Swindells strikes refreshingly optimistic tone at Expo
- 5 September 2018
Matthew Swindells has today praised the progress of NHS digitisation efforts during his keynote address at the Health and Care Innovation Expo in Manchester.
In a refreshingly upbeat speech from NHS England’s famously-candid national director for operations and information, Swindells suggested NHS IT had taken “a huge step forward” in the past two years.
He argued this had been driven largely by NHS England’s global digital exemplar (GDE) and sustainability and transformation partnership (STP) programmes.
He also suggested the NHS had fostered enthusiasm around IT transformation that was finally being picked up by executive boards.
Swindells’ comments on Wednesday stood in stark contrast to those he made in October 2017, when he claimed England’s most digitally-advanced hospitals were “mediocre by international standards”.
This did not go unacknowledged by NHS England’s national director. “I travelled many places around the world and I would say our hospital IT was about on par with Chile,” he told delegates at Wednesday’s conference.
“Certainly in the next six months, I would expect five or more of our GDEs to be getting themselves accredited as near-paperless with the international standard for HIMSS Level 7 hospitals.
“I think that’s a huge step forward, because we were nowhere near that two years ago.”
Board enthusiasm
Further, Swindells alluded to an attitude shift toward IT at board level. “It has developed an enthusiasm. When I go to speak at IT conferences now, there are chief executives on the platform talking about technology in their organisation, not just IT directors.”
Swindells said the next stage was to move away from a focus on individual institutions to looking at how this “hangs together” through integrated care systems.
This, Swindells said, would be facilitated through STPs, specifically via the recently-announced £412m Health System Led Investment (HSLI) programme.
“We want them to tell us how, as a system, they will be spending over the next five years.”
Swindells explained Local Health and Care Record Exemplars (LHCREs) would be the driving force behind the technology that would link all aspects of the care system together.
“This integrated platform is the basis of everything else we’ll do,” he said, adding that further LHCRE waves would follow that would “bring the whole of the country on board” within the next two to five years.
As Digital Health News reported last month, the HSLI prospectus revealed a business case for the expansion of LHCREs was “already underway”.
Swindells also provided an update on NHS England’s single source of truth project, which aims to unite information from commissioners and providers into a single dataset.
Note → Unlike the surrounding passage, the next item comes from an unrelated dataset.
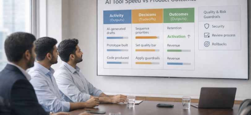 The distinction between outputs and outcomes is explored further in AI tool speed vs product outcomes especially for product and engineering leaders.
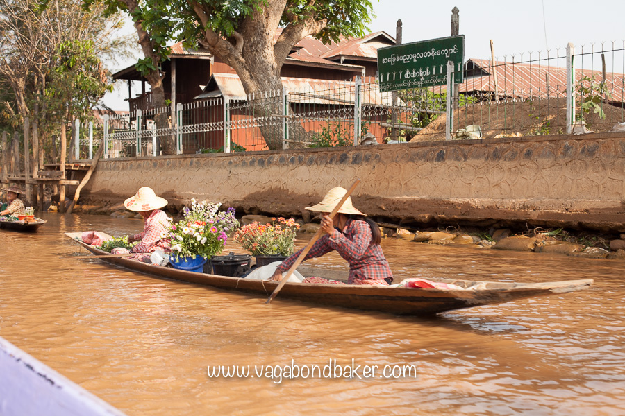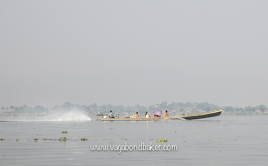 There were many tourist boats; foreign tourists neatly perched on wooden seats, just as we were. The Burmese tourists were also out on the lake but they were packed many and low into their boats, sitting on mats, their heads and shoulders peeking over the waterline.

“Our intention is to give that back to the country and back to the NHS, so that when I sit down to talk with an organisation, we can get rid of wasted time squabbling about accuracy of data.”
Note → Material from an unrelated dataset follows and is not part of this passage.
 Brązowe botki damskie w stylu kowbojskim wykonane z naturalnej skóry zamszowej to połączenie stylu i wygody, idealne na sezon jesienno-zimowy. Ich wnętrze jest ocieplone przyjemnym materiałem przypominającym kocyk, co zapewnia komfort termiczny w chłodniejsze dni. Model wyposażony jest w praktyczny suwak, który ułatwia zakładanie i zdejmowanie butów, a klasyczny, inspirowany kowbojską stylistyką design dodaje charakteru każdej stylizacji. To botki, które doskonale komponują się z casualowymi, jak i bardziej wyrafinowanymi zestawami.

He also waxed lyrical about the potential for artificial intelligence, population health and precision medicine enabled through genomics, which he suggested was “not the stuff of science fiction” and was “within our grasp within the next two, three, five years”.
Get creative
However, Swindells noted that trusts needed to be “creative” about how technology was used and not just drop it on top of old models.
“Moving forward with current models of care is not a viable option. We couldn’t staff it even if we could afford it, and anyway it’s wrong.
He added: “This is about closing the loop on research and getting faster adoption of new innovation for patients. If we don’t digitise our health service we are condemning people to die.”